Philosophers either have excellent social skills or very poor social skills, with little middle ground. Either way, they're probably also arrogant. They're usually interested in argument for the sake of argument, because it is good training for mapping the conceptual space on a given topic. They're not interested in winning or losing, per se; so debate tactics where you flood the opponent with arguments or perhaps take on rhetorical arguments of opportunity to win some kind of narrow social or contextual point, are less appealing than finding a strong, elegant, flexible argument for whatever position, large or small. To a lot of philosophers, skill at the preceding mode of shadow combat is what it *means* to be smart and to find it boring or to not display facility with it means that you are not smart, whatever your other talents.
posted by Kwine at 3:57 PM on February 27, 2019 [1 favorite]


That is not accurate in the UK or Canada, where I'm from.

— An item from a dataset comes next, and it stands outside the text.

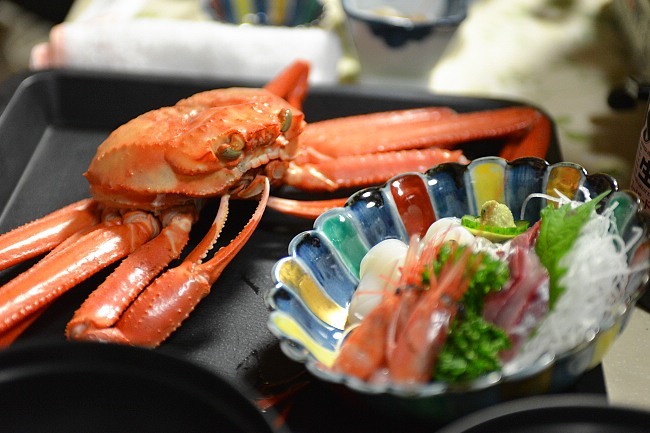 During this year's inaugural We Love Japan Tour, the japan-guide team stayed at Kaniya Ryokan in Itoigawa for one night, and was treated to a sumptuous dinner of chanko nabe (broth with meat and vegetables usually consumed by sumo wrestlers) and crabs. The sweet and juicy crabs were absolutely delicious and it was fun communicating with the young men from the sumo clubs of local schools, to whom the ryokan was dormitory.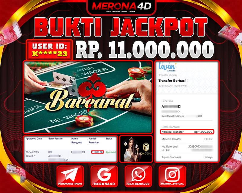 Selamat Kepada Member MERONA4D K*****3 Telah Jackpot Di BACCARAT

I don't know about Canada, but the Oxford/Cambridge terminal master's programs are basically cash cows, designed to relieve recent graduates with money but no career plans of a little of their excess. In the U.S., everyone gets a master's, but if you are in a program that ends with a master's, you are not being prepared to be an academic historian.
posted by praemunire at 4:15 PM on February 27, 2019


(I mean, a friend and I got ours a year "late" because we didn't care so we didn't get the paperwork done on time.)
posted by praemunire at 4:16 PM on February 27, 2019


I have been told by historians about a powerful split between those historians who believe that historians can achieve more or less direct access to past events and those who believe that historians’ accounts are invariably colored by the circumstances swirling around them as they work.
posted by Buddy_Boy at 5:29 PM on February 27, 2019 [2 favorites]


Historians tend to wear the same clothes constantly. I live and die in a green hand knitted Jumper. I’m a historian of religion. No one notices.
posted by Middlemarch at 10:15 PM on February 27, 2019


In my experience, philosophers sometimes come across as arrogant even when they're not because they've been trained to discuss issues in a particular way, and they're very good at separating issue and person. They're not very good at separating Serious Philosophical Discussion and relaxed dinner table conversation, so you feel like you're being attacked.
posted by hannala at 11:20 PM on February 27, 2019 [2 favorites]


I lived with a philosopher. The worse thing you can say to a philosopher is that his/her statements are not interesting.
posted by SyraCarol at 11:20 PM on February 27, 2019 [3 favorites]


There is a very special sort of cynicism that comes from serious study of the past. It’s like you are never, ever surprised when that event or person or big systemic change ends up being more terrible and poorly thought out than you originally thought. Everyone I went to history grad school with has a pretty dark sense of humor.
posted by heurtebise at 6:29 AM on February 28, 2019 [1 favorite]


Response by poster: Thanks, all. Based on the comments here, I've decided my guy is history. I was leaning that way anyway, and a few posters helped me solidify. I still welcome any comments about historians, especially anecdotes about how they ended up pursuing what they did.